* _Supplied data_
'''

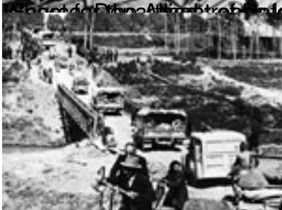
South Africa for a (Seite 88 unten)
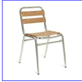
New furniture 470W X 580D
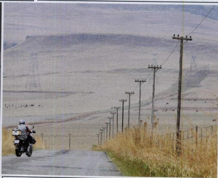
A scenic photo on one of the routes.
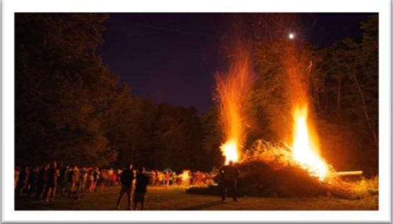
Traditional Juhannuskokko (bonfire) (www.fincamp.org)

What: Potluck - bring a dish to share Where: Lake Padden by picnic tables When: Sunday, June 21 at 1:00 PM
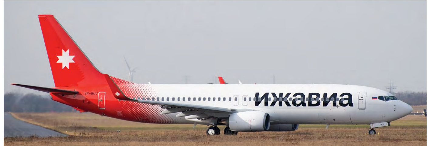
Initially delivered to Jet Airways as VT-JFZ in October 2014, this Boeing was added to the Vistara fleet, as VT-TGC, in June 2019. This lease already ended in January 2020 and the Boeing 737 was ferried to Woensdrecht, registered as 2-BTTA, destined for El Al as 4X-EKN. Unfortunately that lease was not taken up. As VP-BUU the aircraft has been leased to Izhavia, the national airline of the Udmurt Republic of Russia. (Woensdrecht, 19 February 2021,)
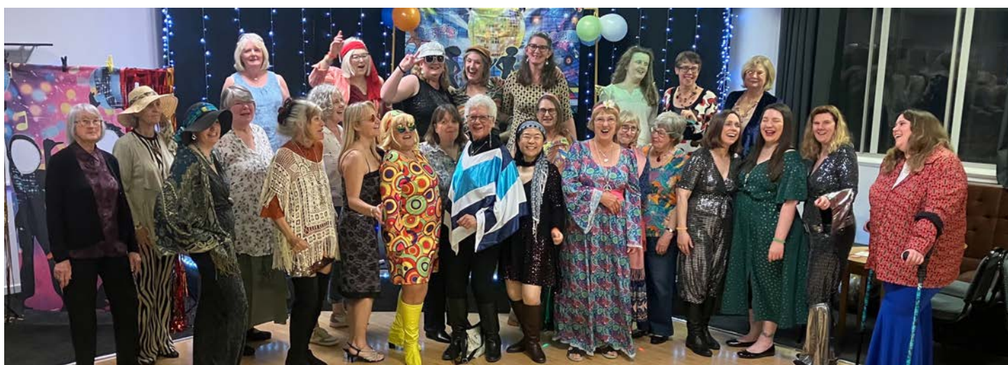
Avon Harmony: Past and present members

'''

* _Goal of the exercise_
Your answer must be the exact lines from the one containing "Traditional Juhannuskokko (bonfire)" through the last line of the records above, with both included and no pictures.

* _Answer for this exercise_
Traditional Juhannuskokko (bonfire) (www.fincamp.org)

What: Potluck - bring a dish to share Where: Lake Padden by picnic tables When: Sunday, June 21 at 1:00 PM
Initially delivered to Jet Airways as VT-JFZ in October 2014, this Boeing was added to the Vistara fleet, as VT-TGC, in June 2019. This lease already ended in January 2020 and the Boeing 737 was ferried to Woensdrecht, registered as 2-BTTA, destined for El Al as 4X-EKN. Unfortunately that lease was not taken up. As VP-BUU the aircraft has been leased to Izhavia, the national airline of the Udmurt Republic of Russia. (Woensdrecht, 19 February 2021,)
Avon Harmony: Past and present members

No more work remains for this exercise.